The mixed message problem
Commonly, we compensate volunteers for clinical trials to motivate them to accept the risks of experimental trials. The amount paid to volunteers isn't particularly impressive, usually tied to time and inconvenience, the same basis the lawyers suggest might be suitable for the "pay for jab" program. But why would anyone take $200 for exposure to a risky experimental vaccine when all you have to do is wait a bit, and you can get $1000 for taking a vaccine with a better safety track record?
The program also commingles the concept of being paid for assuming risk. If we ask our citizens to do something supposedly good for them, why are we paying them to do it? The payment itself is an admission of a safety problem.
Then we have those who are sincerely and scientifically concerned, especially frontline healthcare professionals, all slated to be first in the vaccination line. Healthcare professionals want more data about a COVID-19-vaccine before they take it. Reportedly, 66% of surveyed Los Angeles healthcare workers said they would delay taking a vaccine. The American Nurses Association said a third of its members do not intend to take the vaccine at all, and another third are undecided.

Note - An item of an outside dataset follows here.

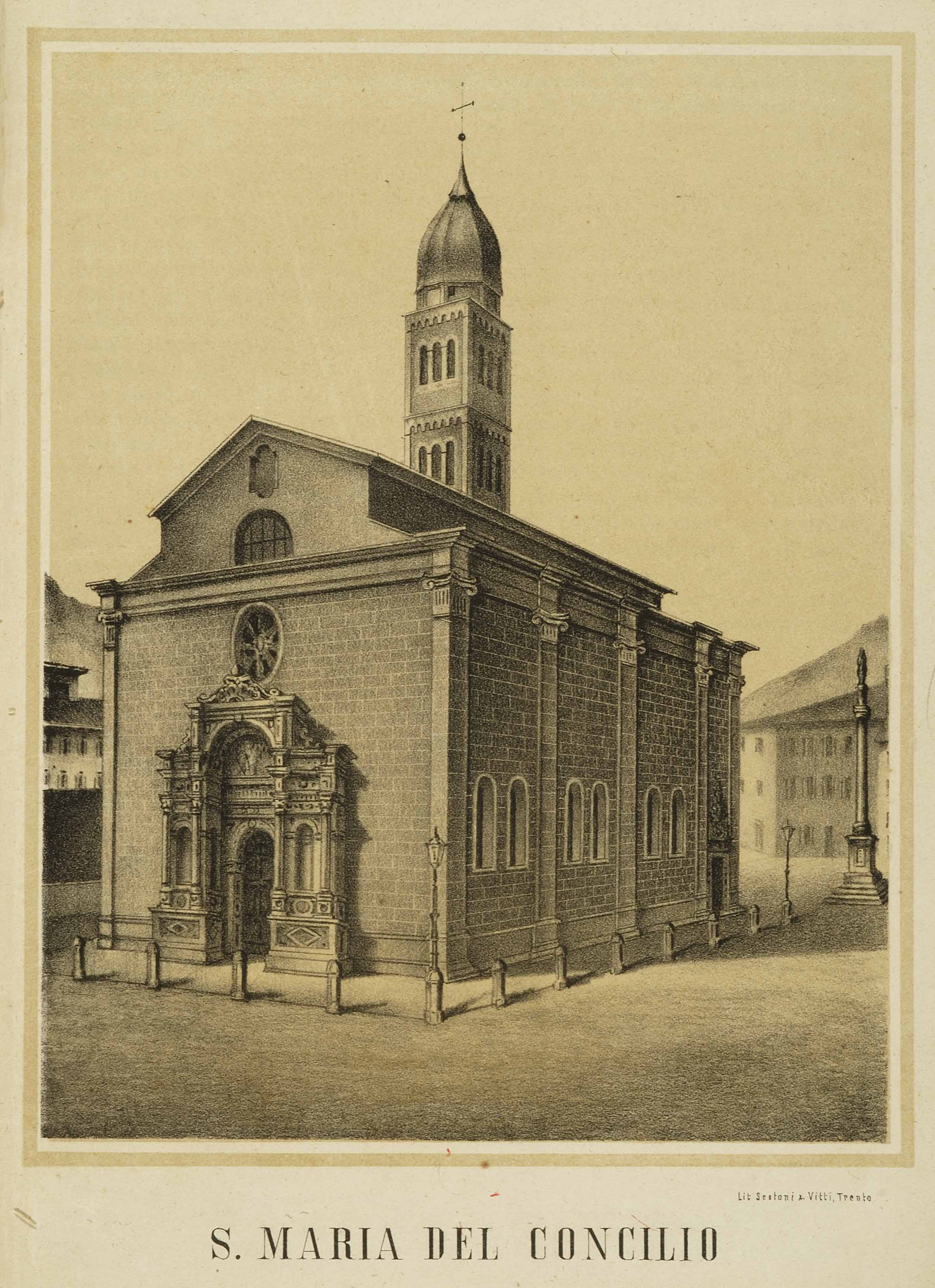 Litografia; 208x163 mm, su foglio 275x187 mm. Pubblicata in Giovanni Battista Zanella, S. Maria di Trento, cenni storici, Trento, Monauni, 1879

"What I hear from physicians is some of the same concerns that are expressed by everyone," she said. "They worry the process has been politicized. They are concerned because they haven't seen any published data yet. And they don't feel comfortable making the decision one way or another until they see the evidence."
Susan Bailey, President AMA
So, here's the question on your COVID-19 Final Exam: Should we pay to Jab?
A. No. It won't work – because those who are genuinely concerned over safety can't be bought.
B. No. It sends the wrong message; commingling the practice used to recruit volunteers for clinical trials testing "experimental vaccines," with FDA deemed safe vaccines,
C. No. The money will go to religious objectors who will claim their religious rights are being violated, and they need to be treated equally– even though they will refuse vaccination.
D. No. If we have to pay people to take actions that will save their kids or parents, the country has more significant problems than a COVID-19 vaccination program.
E. All of the above.
 A more recent Gallup Poll puts the number at 58%
 Only three religions officially can be said to prohibit vaccines: Christian Science, Jehovah's Witnesses, and the Dutch Reformed Church. After our publication, we were contacted by Mr. Robert Hendriks, US spokesperson for Jehovah's Witnesses. He indicated that the official position of the Jehovah's Witness Church is that vaccination is acceptable. We thank him for the clarification of their position.
 Jacobson v. Massachusetts, 197 US 11 (1905), a Supreme Court case upholding the authority to enforce compulsory vaccination laws.